=== Begin Enclosure ===
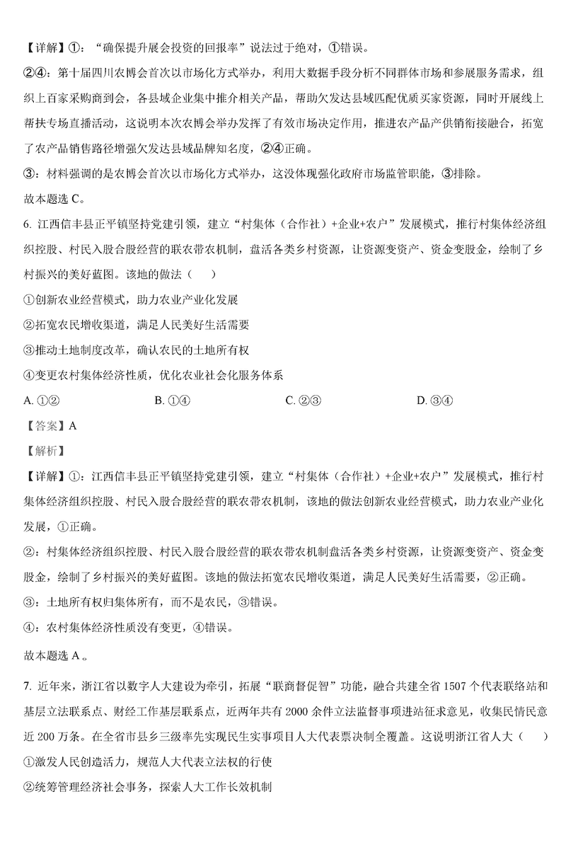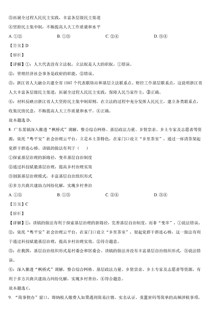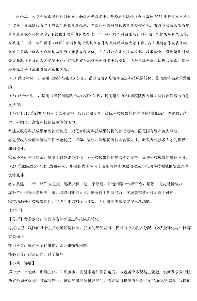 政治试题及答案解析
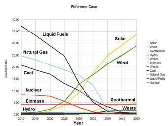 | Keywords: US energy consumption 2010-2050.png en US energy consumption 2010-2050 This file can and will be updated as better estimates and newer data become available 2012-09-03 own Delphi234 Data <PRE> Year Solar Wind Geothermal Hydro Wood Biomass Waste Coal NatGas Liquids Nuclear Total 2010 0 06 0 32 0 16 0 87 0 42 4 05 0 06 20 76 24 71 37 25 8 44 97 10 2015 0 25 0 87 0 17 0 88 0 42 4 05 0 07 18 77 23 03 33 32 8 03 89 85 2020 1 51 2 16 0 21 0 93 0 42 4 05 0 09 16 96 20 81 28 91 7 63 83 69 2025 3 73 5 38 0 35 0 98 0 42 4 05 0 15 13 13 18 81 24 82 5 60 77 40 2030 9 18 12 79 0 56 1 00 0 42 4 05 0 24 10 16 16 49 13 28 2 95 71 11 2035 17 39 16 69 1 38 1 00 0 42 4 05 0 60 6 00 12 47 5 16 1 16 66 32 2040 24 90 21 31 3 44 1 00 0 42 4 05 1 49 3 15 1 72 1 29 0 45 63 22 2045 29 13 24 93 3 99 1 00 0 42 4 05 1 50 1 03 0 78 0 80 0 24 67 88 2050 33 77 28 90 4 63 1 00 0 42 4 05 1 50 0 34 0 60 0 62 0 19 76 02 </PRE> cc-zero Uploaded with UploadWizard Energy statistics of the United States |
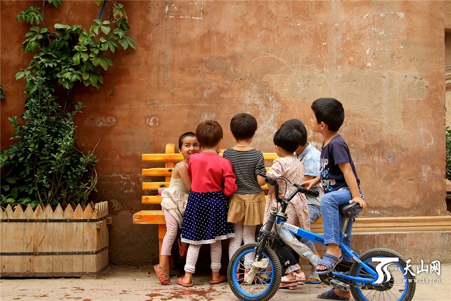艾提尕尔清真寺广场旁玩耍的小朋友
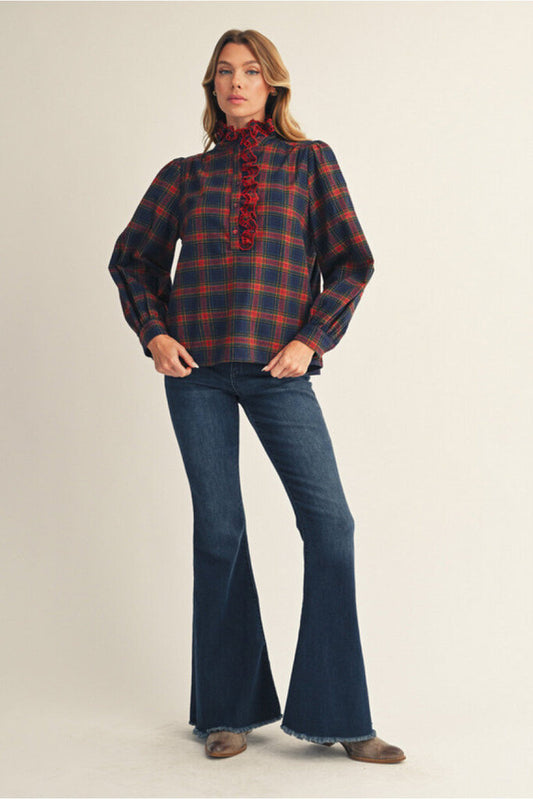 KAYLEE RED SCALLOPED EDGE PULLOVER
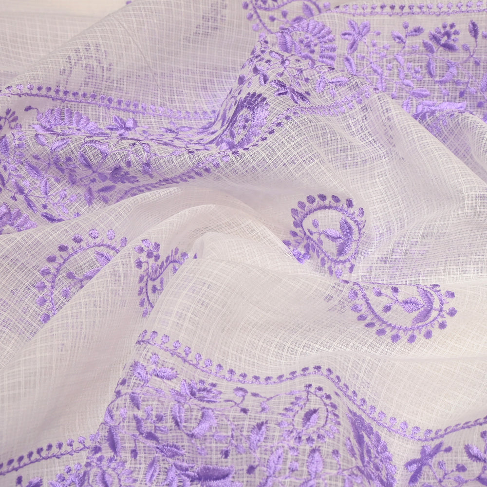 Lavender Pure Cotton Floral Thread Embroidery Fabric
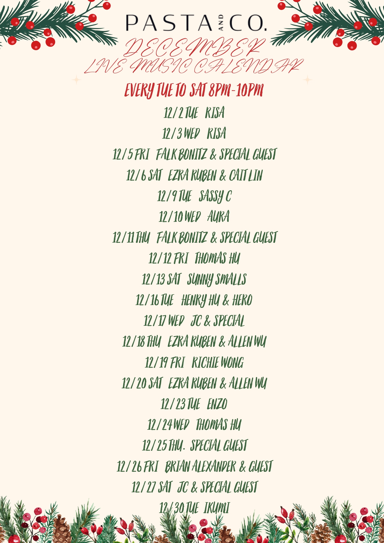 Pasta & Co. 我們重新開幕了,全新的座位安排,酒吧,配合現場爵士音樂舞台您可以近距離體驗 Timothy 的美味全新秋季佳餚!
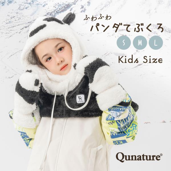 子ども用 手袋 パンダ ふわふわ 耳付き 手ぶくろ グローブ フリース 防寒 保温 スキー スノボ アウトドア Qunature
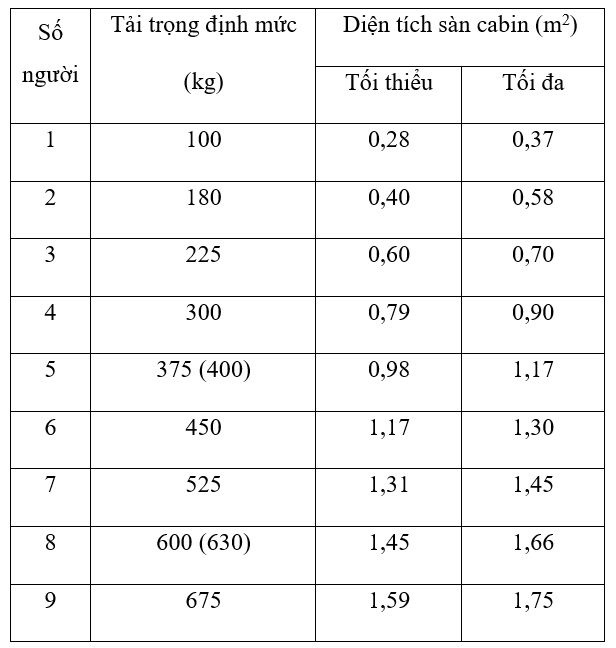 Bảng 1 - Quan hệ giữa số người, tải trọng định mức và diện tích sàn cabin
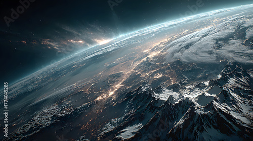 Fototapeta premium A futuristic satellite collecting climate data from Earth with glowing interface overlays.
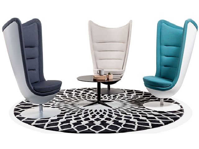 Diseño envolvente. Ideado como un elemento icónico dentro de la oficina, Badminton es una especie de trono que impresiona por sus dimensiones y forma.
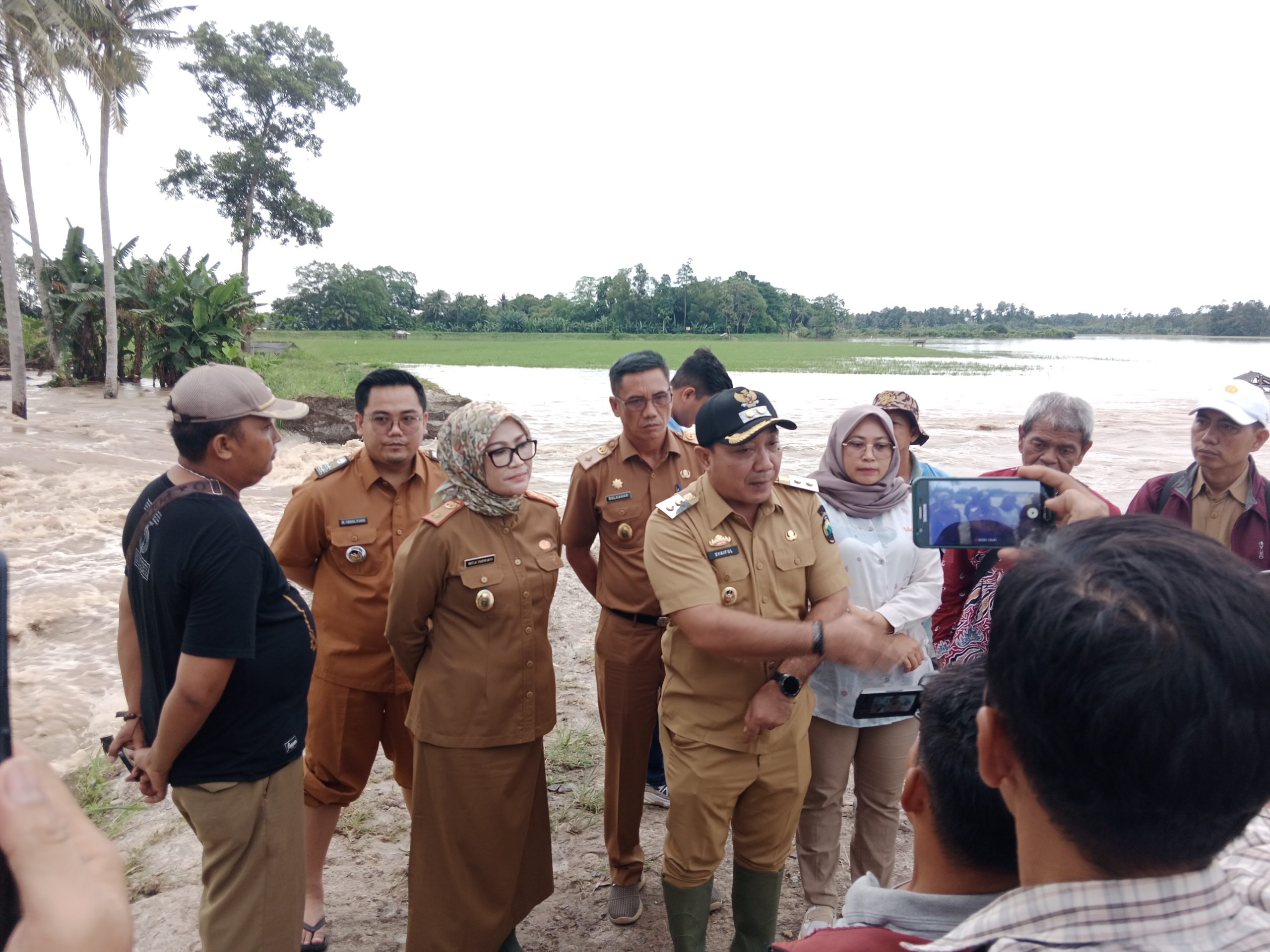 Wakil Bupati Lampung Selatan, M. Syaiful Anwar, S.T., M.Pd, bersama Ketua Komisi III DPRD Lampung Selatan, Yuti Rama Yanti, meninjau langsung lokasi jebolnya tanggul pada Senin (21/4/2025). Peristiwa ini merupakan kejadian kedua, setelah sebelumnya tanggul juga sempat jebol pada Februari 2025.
=== End Enclosure ===
=== Begin Enclosure ===
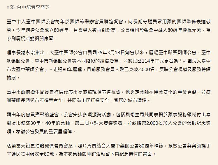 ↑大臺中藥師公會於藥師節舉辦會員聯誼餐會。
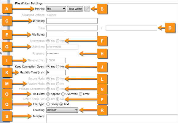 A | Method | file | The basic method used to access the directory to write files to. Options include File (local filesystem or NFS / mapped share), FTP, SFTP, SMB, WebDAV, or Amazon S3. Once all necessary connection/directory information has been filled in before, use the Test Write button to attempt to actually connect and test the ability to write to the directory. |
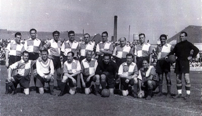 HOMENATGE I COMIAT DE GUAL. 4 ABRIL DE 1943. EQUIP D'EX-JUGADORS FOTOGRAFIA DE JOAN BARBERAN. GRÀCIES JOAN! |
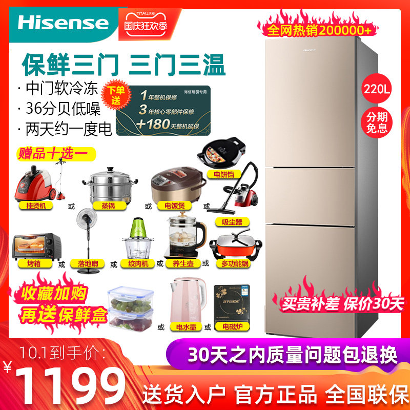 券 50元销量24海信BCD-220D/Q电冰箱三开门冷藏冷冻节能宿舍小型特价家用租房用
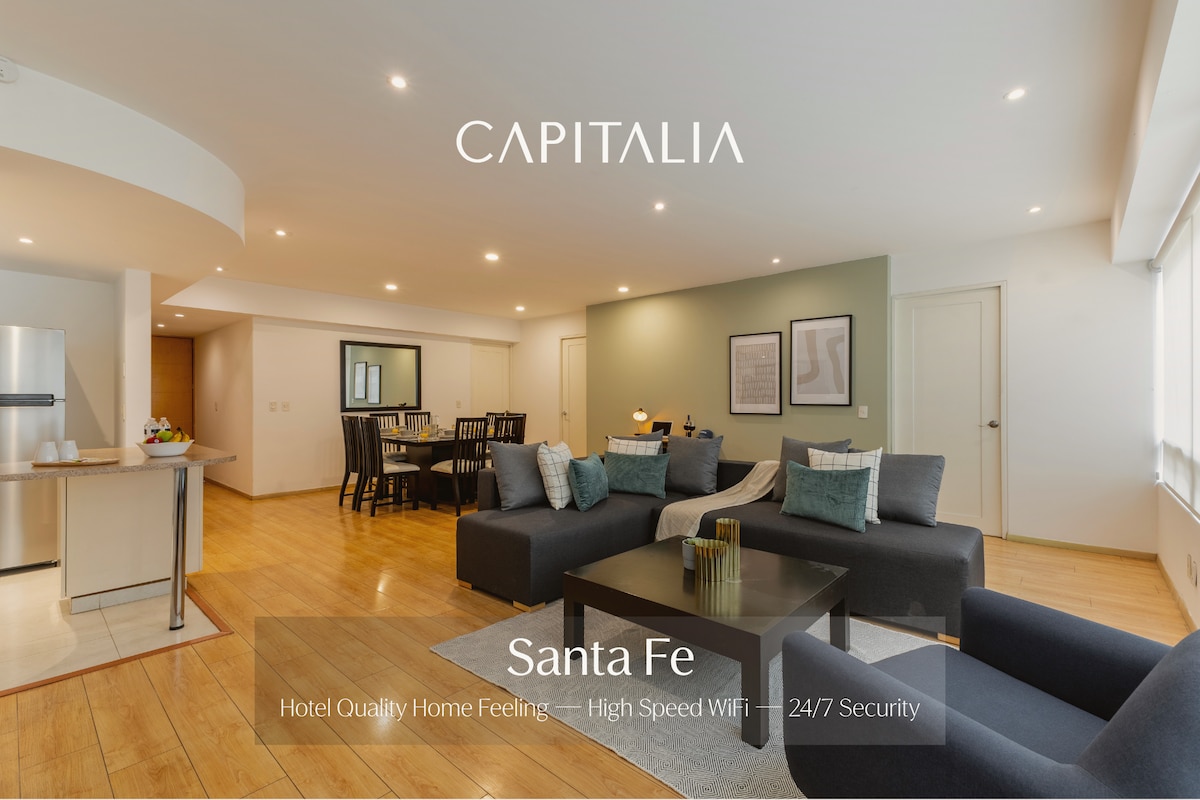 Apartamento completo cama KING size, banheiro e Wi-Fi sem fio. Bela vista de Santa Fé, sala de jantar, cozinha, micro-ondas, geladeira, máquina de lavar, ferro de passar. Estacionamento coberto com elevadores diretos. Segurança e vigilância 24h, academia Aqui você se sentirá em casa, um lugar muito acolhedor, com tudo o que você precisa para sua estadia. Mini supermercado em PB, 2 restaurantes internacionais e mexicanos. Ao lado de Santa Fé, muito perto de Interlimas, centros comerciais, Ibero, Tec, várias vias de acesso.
=== End Enclosure ===
About this exercise> In the listing above, find the line with "子ども用 手袋 パンダ" and the line with "Diseño envolvente. Ideado". Copy both of them and every line between, exactly, but not the pictures.

Result for this exercise>
 子ども用 手袋 パンダ ふわふわ 耳付き 手ぶくろ グローブ フリース 防寒 保温 スキー スノボ アウトドア Qunature
 Bảng 1 - Quan hệ giữa số người, tải trọng định mức và diện tích sàn cabin
 Fototapeta premium A futuristic satellite collecting climate data from Earth with glowing interface overlays.
 Diseño envolvente. Ideado como un elemento icónico dentro de la oficina, Badminton es una especie de trono que impresiona por sus dimensiones y forma.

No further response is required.